DUNLOP, Türkiye'deki bayi ağını büyütüyor. Dunlop, Ağustos 2002'de Goodyear Lastikleri T. A. Ş. tarafından Türk sürücülerin beğenisine sunuldu. Dunlop, aradan geçen 5 ay gibi kısa bir süre içinde bayi ağını hızla büyüterek Ocak 2003 itibariyle 50 bayiye ulaştı. Dunlop, yıl sonuna kadar Türkiye çapındaki bayi ağını en az ikiye katlamayı hedefliyor.
NOKIAN lastiklerinin Türkiye distribütörü Cevher Lastik ve Otomotiv Ürünleri A.Ş. başarılı bayilerini Finlandiya gezisi ile ödüllendirdi.
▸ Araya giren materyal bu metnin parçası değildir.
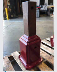
130MM SQ. BOX X 3-1/2" SQ. MALE (Quantity 1)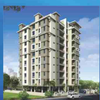
Coral Dhamu Patel Nagar, Bikaner

Tampere şehrine yarım saat mesafede bulunan Nokia kasabasında kurulu Nokian lastikleri fabrikasını gezen bayiler son sistem teknolojiler kullanılarak yapılan üretim hakkında fabrikayı gezerek bilgi aldılar.
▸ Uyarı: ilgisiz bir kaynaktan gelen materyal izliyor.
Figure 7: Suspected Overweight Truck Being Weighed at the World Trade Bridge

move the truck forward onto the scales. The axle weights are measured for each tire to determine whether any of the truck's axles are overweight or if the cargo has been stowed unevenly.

HYUNDAI Motor Grubu, otomotiv sektöründe yaşanan küresel küçülmeye rağmen 2003 yılında yüzde 14'lük bir büyüme hedefliyor. Geçen yıl 2.7 milyon adetlik satış rakamını bu yıl 3.1 milyon adete çıkarmayı planlayan grup, satış gelirini ise 39 milyar dolara çıkarmayı hedefliyor. Ayrıca 2003 yılında Ar&Ge masraflarını yüzde 50 artırmayı planlayan şirket, bunun için 1.9 milyar
dolar harcamayı öngörüyor.
TUNİNG Türkiye adlı dergi, satışa sunuldu. Derginin içeriğinde; Türkiye'de ve dünyada modifiye edilmiş otomobiller, modifiye sektörü ile ilgili yenilikler, Drag yarışları hakkında bilgiler bulunuyor.